%%

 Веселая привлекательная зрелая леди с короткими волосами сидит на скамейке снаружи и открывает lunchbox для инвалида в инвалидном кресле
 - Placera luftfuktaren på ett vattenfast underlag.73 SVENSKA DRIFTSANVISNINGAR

%%
%%

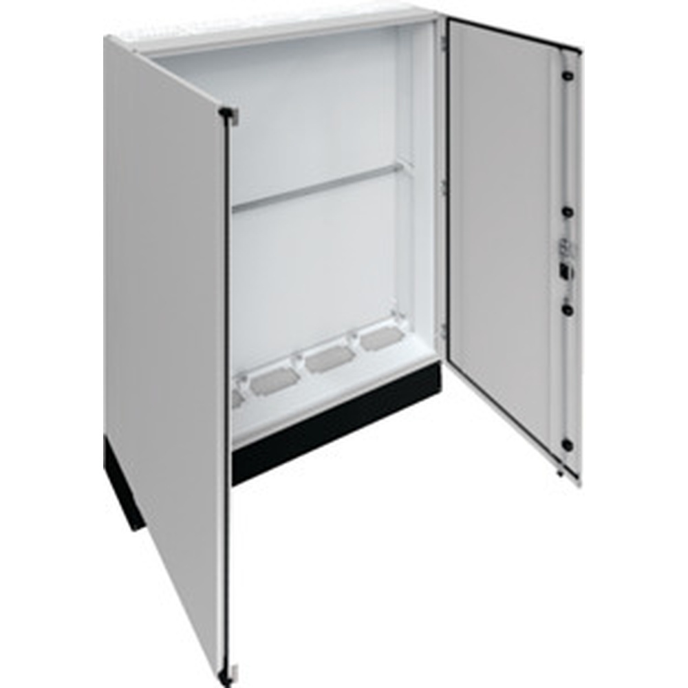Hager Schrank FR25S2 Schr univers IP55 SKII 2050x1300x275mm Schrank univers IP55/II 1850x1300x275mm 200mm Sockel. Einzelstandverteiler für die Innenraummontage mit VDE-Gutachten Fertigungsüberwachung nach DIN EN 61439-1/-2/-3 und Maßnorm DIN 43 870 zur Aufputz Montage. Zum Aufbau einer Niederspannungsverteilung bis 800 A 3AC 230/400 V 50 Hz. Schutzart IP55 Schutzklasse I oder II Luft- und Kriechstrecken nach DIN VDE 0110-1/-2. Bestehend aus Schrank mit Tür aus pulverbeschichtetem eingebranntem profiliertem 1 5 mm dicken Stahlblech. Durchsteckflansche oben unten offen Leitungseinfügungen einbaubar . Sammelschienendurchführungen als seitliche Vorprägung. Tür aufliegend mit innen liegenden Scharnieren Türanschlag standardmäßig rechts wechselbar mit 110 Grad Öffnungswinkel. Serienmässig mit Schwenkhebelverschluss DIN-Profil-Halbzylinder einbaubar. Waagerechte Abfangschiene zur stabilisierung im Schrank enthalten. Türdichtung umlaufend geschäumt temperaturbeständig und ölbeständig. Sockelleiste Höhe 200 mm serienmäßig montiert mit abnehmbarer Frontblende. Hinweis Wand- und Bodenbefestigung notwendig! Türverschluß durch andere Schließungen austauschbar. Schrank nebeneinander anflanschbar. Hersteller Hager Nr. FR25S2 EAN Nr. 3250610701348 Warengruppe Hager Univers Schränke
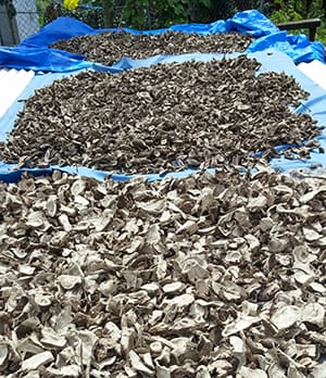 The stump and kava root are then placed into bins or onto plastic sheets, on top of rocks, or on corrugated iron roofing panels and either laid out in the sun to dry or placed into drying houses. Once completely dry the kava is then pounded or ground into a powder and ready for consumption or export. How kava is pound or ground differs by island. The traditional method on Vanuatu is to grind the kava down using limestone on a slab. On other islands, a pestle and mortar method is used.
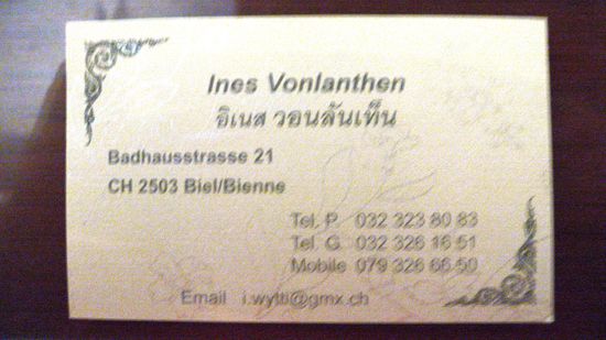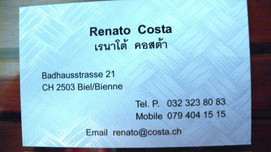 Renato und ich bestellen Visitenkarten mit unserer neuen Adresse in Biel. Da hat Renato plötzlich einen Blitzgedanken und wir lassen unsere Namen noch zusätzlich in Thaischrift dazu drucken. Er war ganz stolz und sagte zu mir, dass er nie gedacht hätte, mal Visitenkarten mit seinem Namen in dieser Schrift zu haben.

%%
%%

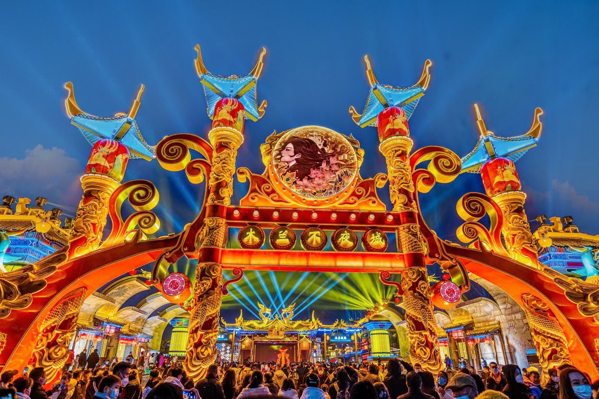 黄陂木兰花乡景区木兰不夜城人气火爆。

%%

TASK REQUIREMENTS - In the listing above, find the line with "Веселая привлекательная зрелая" and the line with "- Placera luftfuktaren", then print exactly those lines and every line between them.

ANSWER FOR THIS EXERCISE -
 Веселая привлекательная зрелая леди с короткими волосами сидит на скамейке снаружи и открывает lunchbox для инвалида в инвалидном кресле
 - Placera luftfuktaren på ett vattenfast underlag.73 SVENSKA DRIFTSANVISNINGAR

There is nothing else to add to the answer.